But I was stuck. I had agreed with Gerry that they would be released. I went back to him to renegotiate – never a good tactic. In the end, I did something very ‘Tonyish’ and he did something very ‘Gerryish’: I privately assured him we would do it in one year if the conditions allowed, but publicly and officially, it would be two. He agreed, and what’s more, never called in the promise or used it publicly to embarrass me.

So: Irish government OK. UUP OK. SDLP satisfied. Sinn Fein back on board. We had an agreement. I called President Clinton and asked him to phone Gerry Adams to bind them in, which he did. He was a total brick throughout, tracking the negotiation, staying up all night, calling anyone he needed to call, saying anything he needed to say and much more besides, and being supremely on the ball, and typically, with that instant knack of his, getting right to the political nub.

The hours passed as we went back over the detail yet again, filling in the gaps, sorting out the administrative glitches, working at what we would say and to whom.

It was of course ludicrously optimistic to think we had an agreement. Even though we had carried on through the night, now having been almost forty-eight hours without sleep, the wretched see-saw slipped again in the early hours of Good Friday morning, 10 April 1998. The Irish – still fretting a little over how the North–South part would be received – added a section to that strand, creating two new North–South bodies (thus indicating Ireland would act on a unified basis) in the areas of trade protection and the Irish language.

Now you might think cooperation on these two issues would be relatively uncontentious. In fact the Unionists screeched to a halt. It turned out there was some obscure language called Ullans, a Scottish dialect spoken in some parts of Ulster which was the Unionists’ equivalent of the Irish language. By this time, nothing surprised me. They could have suggested siting the Assembly on Mars and I would have started to draft options.

Everyone was now tired and fractious. I had an awful meeting with Bertie and David Trimble, in which Bertie did not take quite the same relaxed view of the importance of Ullans as I did, suggesting that maybe David would like to speak some of the ‘fecking thing’ so we could hear what it sounded like; and David taking umbrage at the idea that the dialect was a Unionist invention, explaining solemnly and at length the Scottish roots of Ullans with all the sensitivity of a landowner talking to the village idiot.

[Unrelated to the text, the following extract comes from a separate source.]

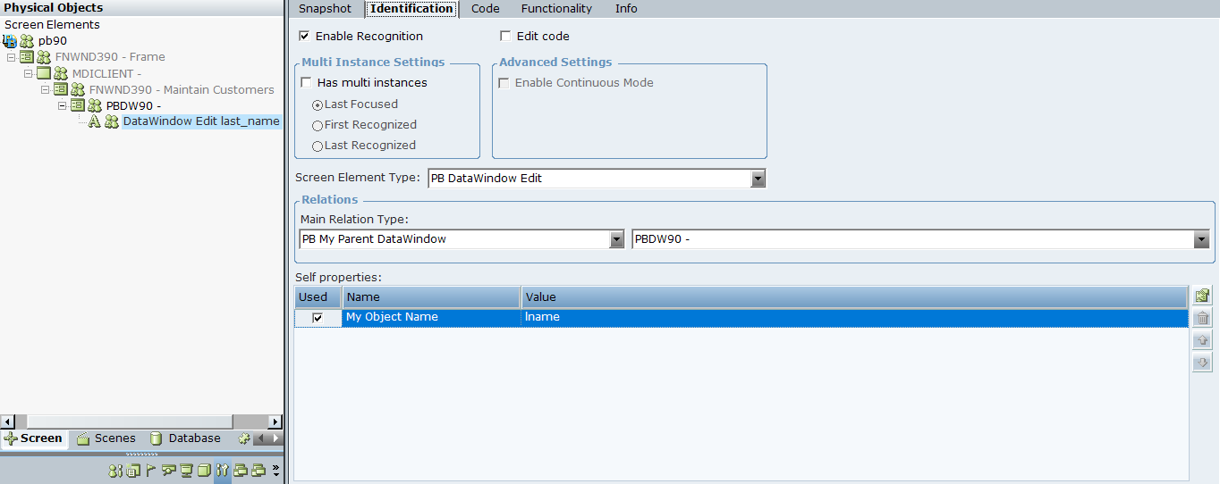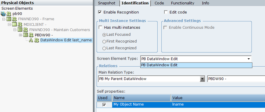 | 1. | Select a captured Power Builder DataWindow screen element in the Screen Elements tree and click the Identification tab. |

The episode sent David Trimble’s delegation down the helter-skelter, and fresh amendments started flying out. Alastair, meanwhile, had hinted to the media, who were now pretty fractious themselves, that we had an agreement, which in all good faith he thought we had. When I told him of the impasse, he expressed himself in terms of which only Alastair was capable, to the effect that if I thought he was now going to tell the world’s media that contrary to what he had told them earlier, we had failed to secure an agreement after all because of a Scottish Ulster dialect called Ullans, and so the war in Northern Ireland would go on, such an announcement, on his part, was more than a tad unlikely. I was at my wits’ end. Even calls from Bill Clinton yielded nothing. Here again, Jonathan was superb. He dealt with the Unionist concerns one by one, calmed their delegation, tried to put it back into balance.